Originally Written in English

Acute Rheumatic Fever: Treatment and Prevention

    Overview

    Rheumatic fever is an inflammatory condition that can develop as a complication of untreated or inadequately treated streptococcal infections, such as strep throat or scarlet fever. It is more common in children and young adults and is more prevalent in developing countries with limited access to healthcare and antibiotics.

    The bacteria responsible for streptococcal infections can trigger an autoimmune response in the body, leading to inflammation and damage to the heart valves, joints, skin, and nervous system. Prompt and adequate treatment of streptococcal infections with antibiotics is crucial to prevent the development of rheumatic fever.

     

    What is Rheumatic Fever?

    Rheumatic Fever

    Rheumatic fever is a serious inflammatory disease that can develop as a complication of untreated or inadequately treated strep throat or scarlet fever. It mainly affects children aged between 5 and 15, and can damage the heart, joints, skin, and nervous system.

    Rheumatic fever occurs when the body's immune system mistakenly attacks healthy tissues, particularly the heart valves, leading to scarring and narrowing of the valves. This can cause problems with blood flow, leading to conditions like rheumatic heart disease, which can be life-threatening.

     

    How common is Rheumatic Fever?

    Rheumatic fever is relatively uncommon in developed countries where access to healthcare and antibiotics is widespread. However, it remains a significant public health problem in developing countries with poor sanitation and limited access to healthcare.
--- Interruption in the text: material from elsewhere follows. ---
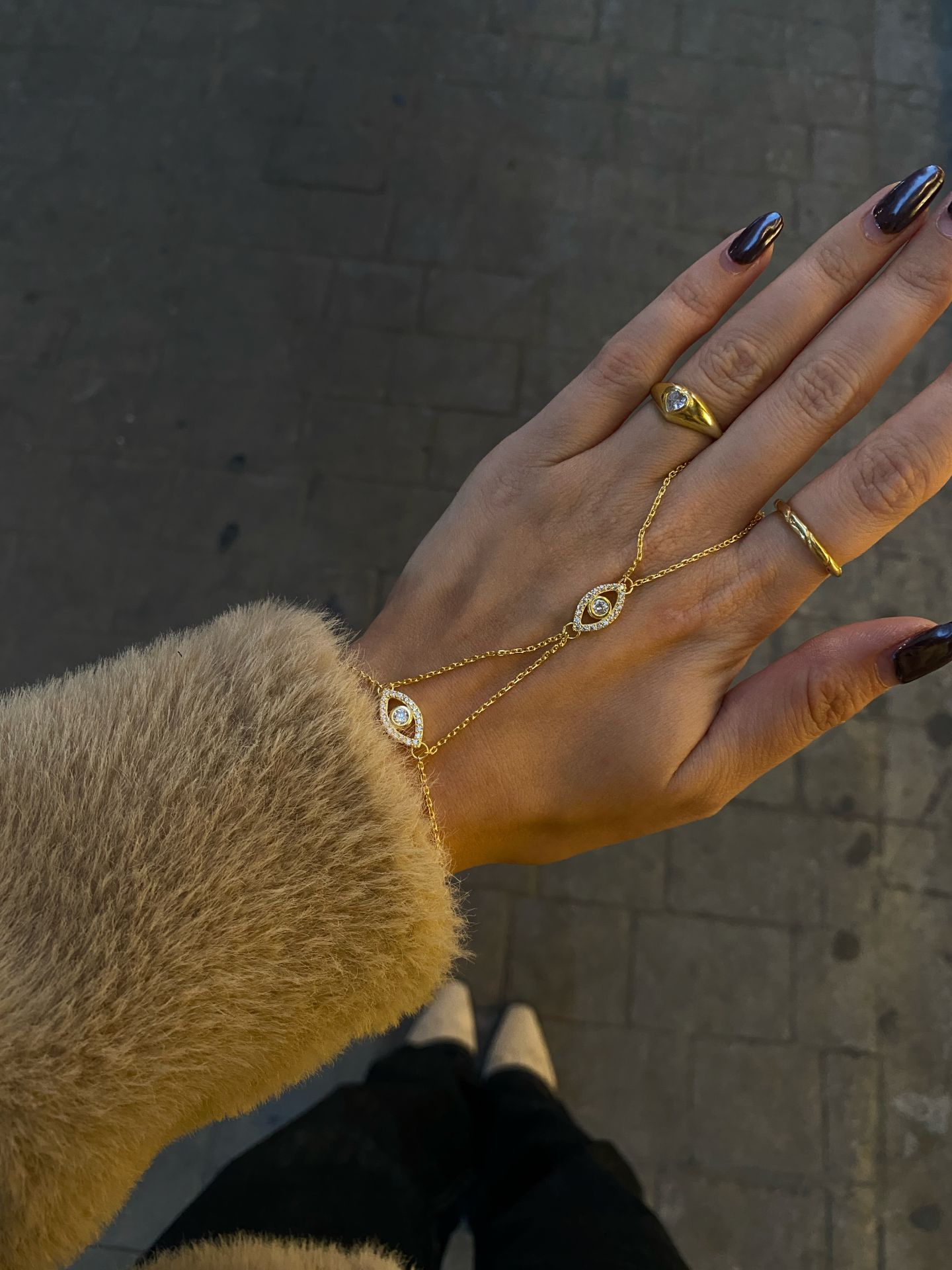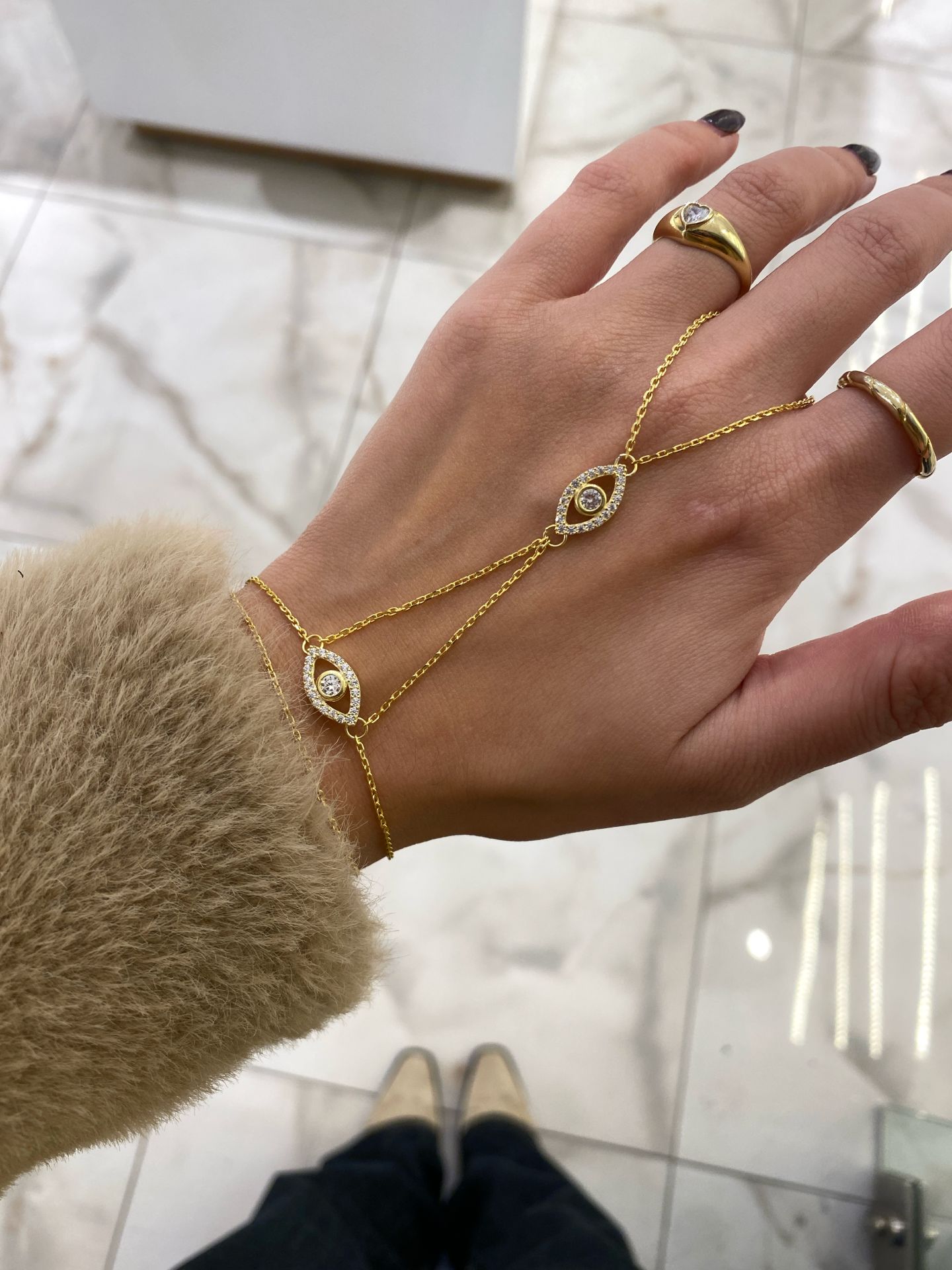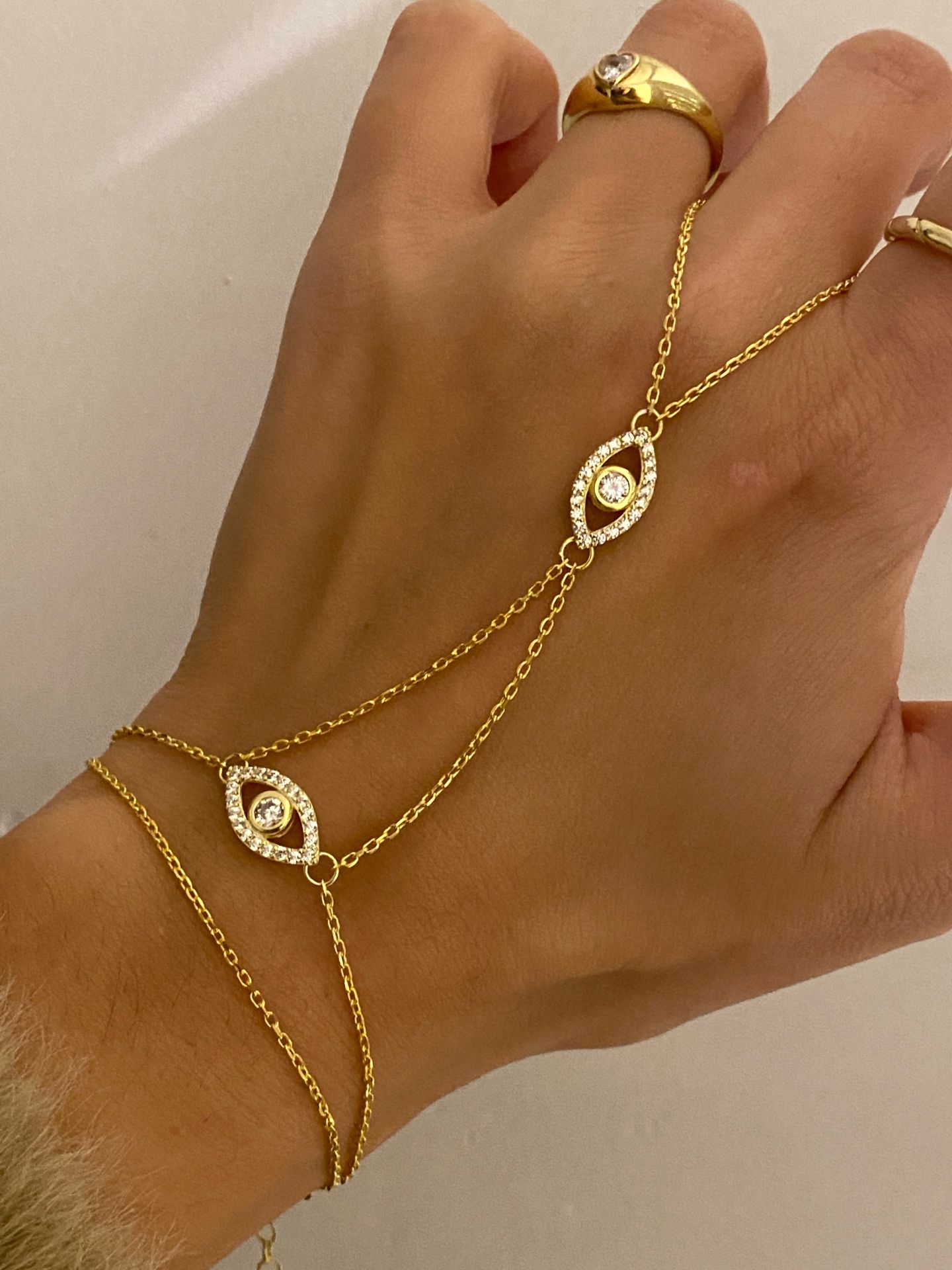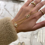 925 Silver | Double Chain Eye Hand Chain with Stone Detail

    According to the World Health Organization (WHO), an estimated 33 million people worldwide are affected by rheumatic heart disease, which is often caused by untreated or inadequately treated rheumatic fever. Most of these cases are concentrated in low- and middle-income countries, particularly in sub-Saharan Africa, South Asia, and the Pacific.

    In developed countries, the incidence of rheumatic fever has decreased significantly over the past century due to improved hygiene, living conditions, and access to antibiotics. However, it still occurs, particularly in populations with poor access to healthcare or in communities with overcrowding and poor sanitation. The incidence is highest among children aged 5-15 years, and it is more common in certain ethnic groups, such as Indigenous populations.

     

    What causes Rheumatic Fever?

    Causes Rheumatic Fever?

    Rheumatic fever is caused by an untreated or inadequately treated streptococcal infection. Streptococcal bacteria are responsible for various infections, such as strep throat and scarlet fever. If these infections are not treated adequately with antibiotics, the bacteria can trigger an autoimmune response in the body, leading to rheumatic fever.

    The exact mechanisms of how the bacteria cause the autoimmune response in the body are not yet fully understood. However, it is believed that the bacterial proteins share some similarities with certain proteins found in the body, particularly in the heart, joints, and other organs. This similarity can confuse the body's immune system, leading it to mistakenly attack its own tissues, causing inflammation, and damage.

    Rheumatic fever is more common in children and young adults, and it is more prevalent in developing countries with limited access to healthcare and antibiotics. It can lead to permanent damage to the heart valves, which can cause lifelong complications, such as heart failure, and even death.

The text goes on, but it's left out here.